Но после уроков меня ожидали большие неприятности. Компания Вани, с которым я сразился днем, перехватила меня при выходе со школьного двора и избила страшно, жестоко. Кто-то видимо сжалился надо мной и сообщил учителю. Афанасий Иванович выбежал в одной нижней рубашке. Нападающие разбежались. Меня он забрал к себе. Ольга Ивановна обмыла раны, прижгла йодом и перевязала их.
— За что это тебя так? — спросил Афанасий Иванович.
— Не знаю.
— А кто?
— Нэ пизнав никого!
— Так як же ты не признав? Ты ж уже мисяц в класи.

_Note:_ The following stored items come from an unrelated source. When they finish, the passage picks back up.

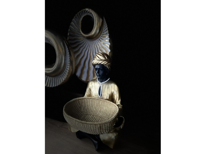 Η διακοσμητική φιγούρα VEDAS, διαστάσεων 19x18x27cm, είναι κατασκευασμένη από πολυρεζίνη και απεικονίζει μια φιγούρα σε καθιστή στάση με τουρμπάνι και χρυσή φορεσιά, κρατώντας μπροστά της ένα καλάθι. Ο συνδυασμός χρυσού και μαύρου προσδίδει αρχοντική και εξωτική αισθητική. Ιδανική για τοποθέτηση σε εισόδους, κονσόλες ή βιτρίνες, μπορεί να χρησιμοποιηθεί και ως διακοσμητικό μπολ για μικροαντικείμενα ή γλυκίσματα.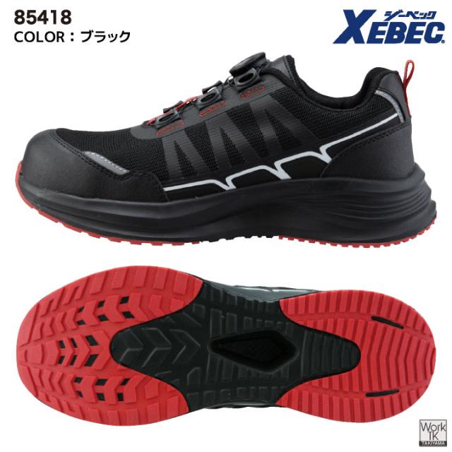 XEBEC 85418 セーフティシューズ 着脱・調整が簡単なダイヤル調整システムを搭載! 軽量設計で、クッション性に優れたEVAミッドソールが足への負担を軽減。
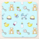 Cute pattern with baby items on the blue background: teddy, rubber ducky, pacifier, baby bottle, stroller... For a baby boy.

— Так то були не з нашего класу.
— То ти, брат, брэшеш. Бо я узнав. Вси з твого класу.
— А я никого не впизнав.
— Ну брэши, брэши. Я всэ ривно всих знаю.
На следующий день я захватил с собой в школу «кийок» (палка с утолщением на одном из концов), который спрятал в школьном огороде. После уроков я, видя, что та же компания поджидает меня возле выхода из школьного двора, зашел за своим кийком и смело пошел к компании. Вижу заволновались, задвигались, заговорили между собой. Я сделал решительный вид и ускорил шаг. Демонстративно помахал кийком, как бы примериваясь к удару. Смотрю пошли в сторону от меня. Я еще прибавил шагу, потом побежал вслед за ними. И, о чудо, — они бросились бежать. Тогда я устремился вперед изо всех сил, нацелившись на одного, который вчера особо жестоко избивал меня. Я догнал его и начал бить кийком. Он продолжал бежать и жалобно кричал: «Чому мэнэ? Чому тильки мэнэ?» А я, не отставая, лупил его кийком по спине, по плечам и так же бессмысленно повторял: «Нэ будеш бильше! Нэ будеш бильше!»
Шедший навстречу крестьянин издали закричал на меня: «Та що ж ти робиш, сукын сын!» Это и освободило мою жертву от дальнейшей экзекуции. Я быстро пошел в сторону дома, предусмотрительно обходя крестьянина. А он, проходя мимо, осуждающе сказал: «От що значить безотцовщина!» Так родился миф о моем забиячестве. И миф этот держался довольно долго, хотя за всю свою жизнь я не был зачинщиком ни одной драки.
С тех пор и на всю жизнь я усвоил, что когда на тебя хотят напасть — нападай сам; упреди хоть на мгновение удар противника, бей первым. Если противник намного сильней, тем более бей первым, и не как-нибудь, а вложи всю силу в удар и не останавливайся, и бей удар за ударом — ливень ударов. И не разбрасывай удары по принципу «всем сестрам по серьгам». Нет, кого начал бить — бей без конца. Постарайся через него прорвать фронт противника и почетно выйти из боя. Эти принципы я соблюдал потом всегда. И они мне не раз помогли выйти из очень тяжких ситуаций.
Жизнь моя школьная значительно облегчилась, когда меня приняли в компанию Алеши: Илько Лапа, Сашко Хулапа, Данько Патяка. Теперь уже я был не один. И я вошел, можно сказать, в обычную норму школьных драк. Ничем от других школьников не отличался и был даже намного спокойнее некоторых задир. Несмотря на это, обо мне говорили в селе, как об опасном драчуне. Родители в нашем селе обычно не вмешивались в школьные конфликты.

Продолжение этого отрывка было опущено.